Furyk, Snedeker get revenge on McDowell, McIlroy
Furyk interviews partner Snedeker after victory
MEDINAH, Ill. – You might say Jim Furyk and Brandt Snedeker were motivated. They battled back from 3 down in opening- to a closing bogey.
“Losing the point was kind of a bitter pill to swallow after storming back,” Furyk said.
So when the Saturday morning foursomes pairings came out Friday night, Furyk and Snedeker beamed when they saw they would have a rematch with the world No. 1 and is Northern Ireland compadre G-Mac.
“I was so excited,” Snedeker said, “to go out there and give it another chance.”
The American duo acted like it, too, from the very start in the fourth and final foursomes match Saturday. They led for good after Furyk birdied the first hole from eight feet on Medinah’s No. 3 course.
“It’s a huge monkey off my back,” said Snedeker, who resembled Richie Cunningham of Happy Days fame in a ball cap instead of his usual visor. “I felt like I had something to prove to Jim and to them that it was not going to be the same guy they saw yesterday.”
All told, the U.S. tandem made four birdies and a bogey to only two birdies for the Europeans, who didn’t putt well. The Ulsterman didn’t make a birdie until the par-5 14th, where McIlroy hit a brilliant 50-yard pitch stiff in halving.
The Americans made key putts when they needed to. Snedeker holed a 10-footer slider at the fifth for a 2-up lead and Furyk preserved it at the next with a 10-foot par save. McIlroy had a chance to slice the lead in half but lipped out a 10-foot birdie putt. The Americans lost the eighth with a bogey and Furyk missed a 9-foot winner at 10, but they went 2-up again when Furyk made an 11-foot downhiller at 11.
McIlroy sliced the lead to one with a 10-footer for birdie at 16, but his effort to tie grazed the edge of the cup at 17.
“Rory and I went cold on the greens two sessions in a row,” McDowell said. “Going against a great team, you must putt well and we didn’t.”
That was a far cry from Friday morning, when the Northern Irishmen birdied six of seven holes during a stretch before losing their lead.
“We knew we could’ve won that match yesterday,” Snedeker said. “We went out there today and did it and it was pretty special.”
They had plenty of vocal support. It helped that Phil Mickelson and Keegan Bradley revved up the crowd early, won easily 7 and 6 and then joined the Furyk-Snedeker gallery on the 13th hole. Mickelson and his young protege were treated like rock stars as they walked up the pathway to the 14th tee, high-fiving fans along the way.
Hall of Famer Lee Trevino, a former Ryder captain, also watched the final match inside the ropes at times. McIlroy’s mom, Rosie, also got some attention, for she wore a red top and shorts, something of an unofficial fashion violation considering they are American colors.

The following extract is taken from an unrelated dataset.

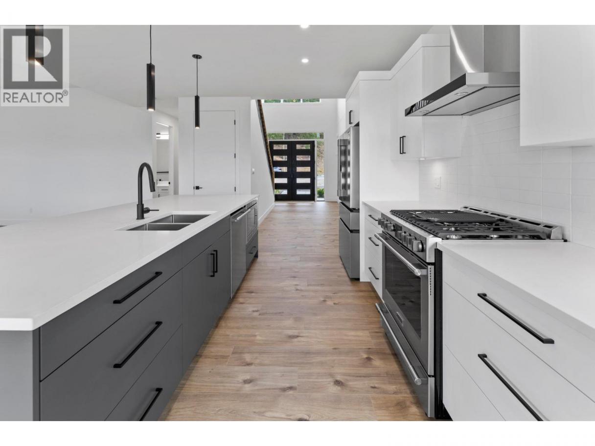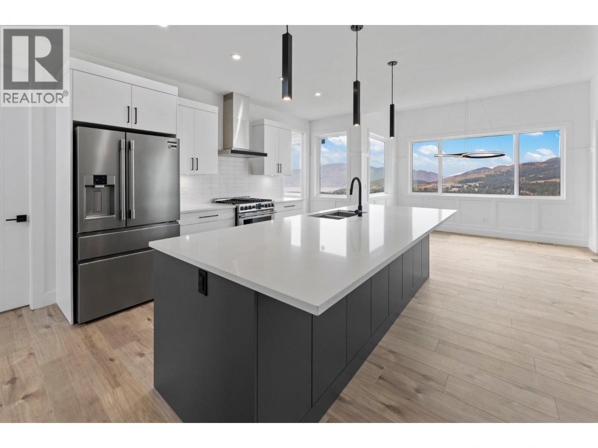 Enjoy the lake, valley and mountain views overtop your low maintenance backyard in this brand new home in Smith Creek. Located in a quiet family West Kelowna neighbourhood, this 4 bedroom, 3 bathroom home offers a functional layout and elevated views of Okanagan Lake and the surrounding valley. The main floor features an open concept design with high ceilings and large windows that bring in plenty of natural light. The kitchen includes a generous island, modern appliances and a walk in windowed butlers pantry that provides additional prep and storage space. A full bedroom and bathroom on the main level offer flexibility for guests, family or a home office. The mudroom off the garage adds practical day to day convenience. Upstairs, the primary bedroom includes a walk in closet and private ensuite including heated floors. Two additional bedrooms are connected by a Jack and Jill style bathroom, and a bonus room provides extra space for a media area, workspace or playroom. Close to hiking trails, outdoor recreation and parks this home offers the opportunity to move into new construction without the typical build timeline. Price is plus GST. (id:6769)

It was her son, though, who was in the U.S. team’s crosshairs. Because of his No. 1 stature, he had been identified as a “marked man”–accidentally as it turns out.
A few weeks earlier Furyk said McIlroy was a “marked man” in the FedEx Cup playoffs since he was No. 1 in points. According to Furyk, a headline misconstrued his comment.
“Then we started talking about the Ryder Cup in that interview and the headlines the next day were that I said he was a marked man,” Furyk said. “I promise you, I’m not one to incite the other team or give them any bulletin board material.”
It’s unclear whether he gave McIlroy motivational fodder. But he did finally hand him a defeat.